*Task to carry out*
Only some lines are wanted. Transcribe, exactly, the lines below from the line with "Sergeant / Sergant" up to and including the line with "Figure 1: NTM".

*Data listing*
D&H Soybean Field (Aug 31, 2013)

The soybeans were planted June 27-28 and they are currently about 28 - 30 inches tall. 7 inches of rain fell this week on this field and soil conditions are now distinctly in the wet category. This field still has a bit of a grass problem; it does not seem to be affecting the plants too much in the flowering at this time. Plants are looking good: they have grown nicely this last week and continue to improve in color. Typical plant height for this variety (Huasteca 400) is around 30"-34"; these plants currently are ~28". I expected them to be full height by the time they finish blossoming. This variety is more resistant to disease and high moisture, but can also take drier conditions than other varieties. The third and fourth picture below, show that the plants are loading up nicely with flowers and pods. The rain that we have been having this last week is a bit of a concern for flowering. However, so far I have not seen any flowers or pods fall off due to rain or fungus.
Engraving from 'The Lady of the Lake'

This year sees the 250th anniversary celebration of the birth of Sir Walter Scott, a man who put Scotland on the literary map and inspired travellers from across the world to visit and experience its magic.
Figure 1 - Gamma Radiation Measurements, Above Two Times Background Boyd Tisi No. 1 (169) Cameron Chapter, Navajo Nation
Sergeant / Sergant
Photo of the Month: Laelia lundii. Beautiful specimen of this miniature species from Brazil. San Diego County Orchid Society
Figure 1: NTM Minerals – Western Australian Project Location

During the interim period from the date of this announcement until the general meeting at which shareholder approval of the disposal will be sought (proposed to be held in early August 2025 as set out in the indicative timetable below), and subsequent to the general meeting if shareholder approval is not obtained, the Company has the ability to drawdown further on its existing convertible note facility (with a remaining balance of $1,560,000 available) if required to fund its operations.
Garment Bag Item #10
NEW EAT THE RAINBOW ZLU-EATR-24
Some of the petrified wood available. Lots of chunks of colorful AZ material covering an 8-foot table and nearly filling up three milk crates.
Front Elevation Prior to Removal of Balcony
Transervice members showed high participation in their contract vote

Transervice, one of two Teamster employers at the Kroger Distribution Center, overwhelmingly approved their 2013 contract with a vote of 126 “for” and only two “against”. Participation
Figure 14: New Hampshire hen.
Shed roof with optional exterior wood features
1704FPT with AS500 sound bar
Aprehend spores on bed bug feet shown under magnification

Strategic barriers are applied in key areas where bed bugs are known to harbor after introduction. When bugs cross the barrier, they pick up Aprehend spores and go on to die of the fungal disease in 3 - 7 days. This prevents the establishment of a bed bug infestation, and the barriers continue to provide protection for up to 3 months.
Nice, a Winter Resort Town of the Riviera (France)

==

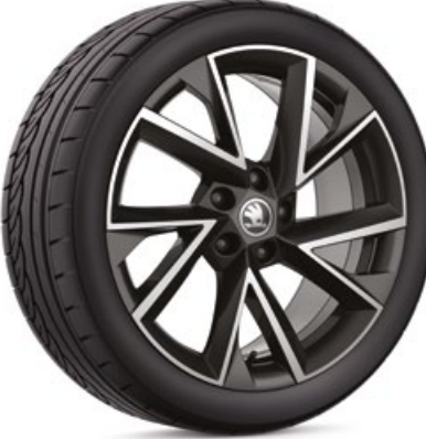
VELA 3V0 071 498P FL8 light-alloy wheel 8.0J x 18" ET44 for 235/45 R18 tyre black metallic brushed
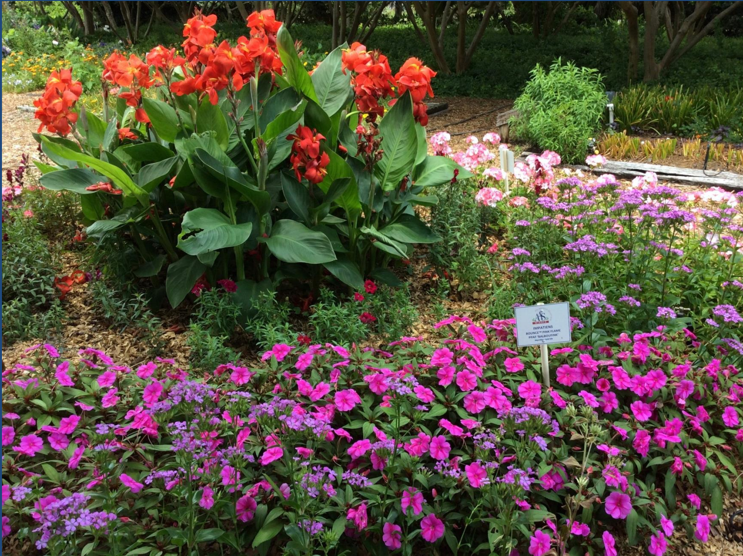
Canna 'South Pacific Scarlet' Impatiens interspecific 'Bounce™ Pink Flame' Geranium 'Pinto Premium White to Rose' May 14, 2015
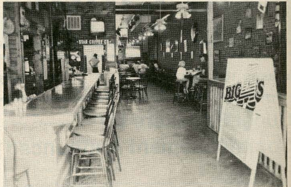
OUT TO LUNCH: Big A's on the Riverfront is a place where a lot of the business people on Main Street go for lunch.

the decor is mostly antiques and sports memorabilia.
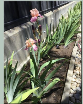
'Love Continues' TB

*Task response*
Sergeant / Sergant
Photo of the Month: Laelia lundii. Beautiful specimen of this miniature species from Brazil. San Diego County Orchid Society
Figure 1: NTM Minerals – Western Australian Project Location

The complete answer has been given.